Limitations & Future Work¶
- Specialists are portrayed by closed-source models such as GPT, resulting in high deployment costs and dependence on third-party APIs.
- The triage specialty set is fixed at 7 categories, which may not cover all clinical scenarios.
- The three-tier difficulty stratification relies on ground-truth labels, which are unavailable at inference time.
- Evaluation is limited to multiple-choice VQA; open-ended clinical reasoning and report generation are not addressed.
- The theoretical analysis rests on strong assumptions (e.g., strong convexity) that may not hold for practical deep networks.
Related Work & Insights¶
- Medical VLMs: Single-agent models including LLaVA-Med, HuatuoGPT-Vision, and VILA-M3.
- Medical Multi-Agent Systems: Agent Hospital, MedAgents, and MDAgents — all rely on static, pre-defined pipelines.
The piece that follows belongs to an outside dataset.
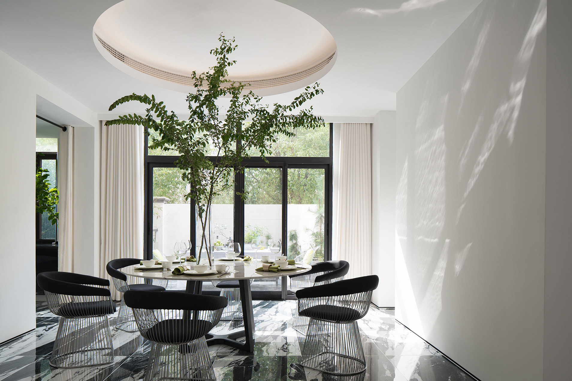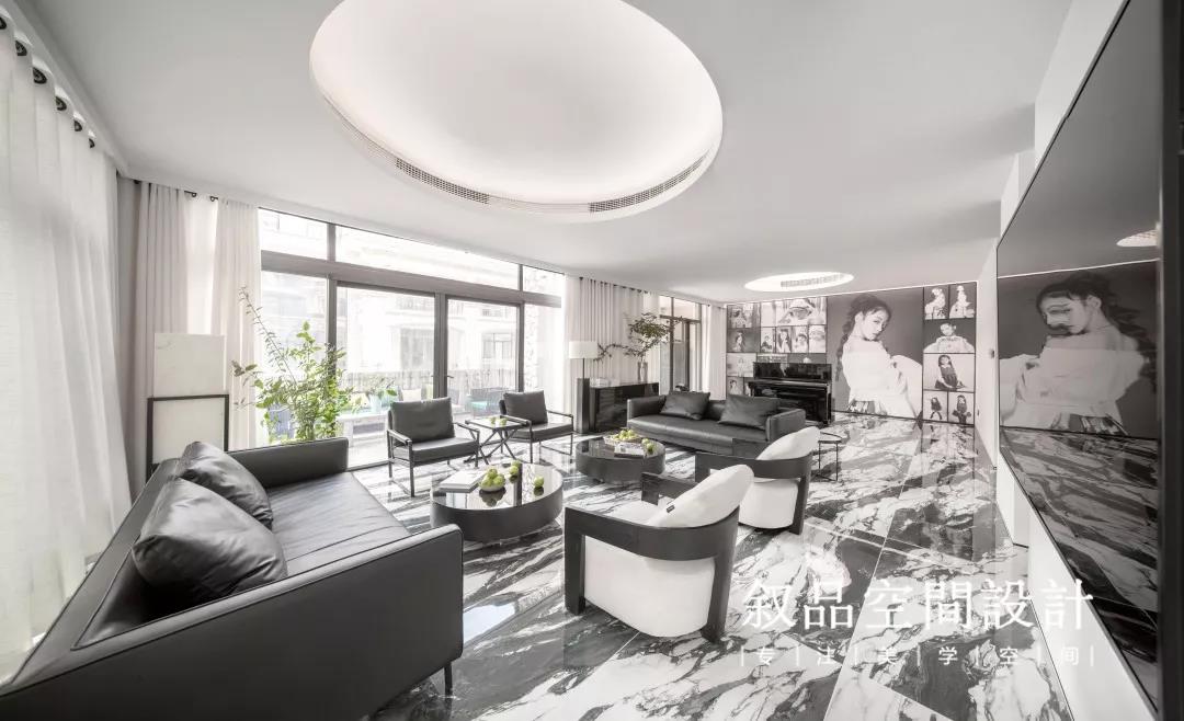 客廳及主要房間地面都采用水墨畫瓷磚,用簡潔現代的手法表現中國山水元素,典雅卻不古板。客廳大幅海報照片墻記錄成長的點滴記憶,造型簡約的黑色桌椅,頗具張力的雕塑和黑色鋼琴,帶來強烈的藝術氣息。

- RL-Enhanced Reasoning: GRPO-based post-training paradigms such as DeepSeek-R1 and VLM-R1.
- Curriculum Learning: Progressive training from easy to hard (Bengio et al., 2009).
Rating¶
⭐⭐⭐⭐⭐ (5/5)
The method is elegantly designed; the entropy regulation strategy in C-MARL is both intuitively well-motivated and theoretically supported. The experiments are comprehensive and convincing, and the result of a 7B model surpassing GPT-4o is impressive. The integration of curriculum learning and RL establishes a new paradigm for multi-agent collaborative reasoning.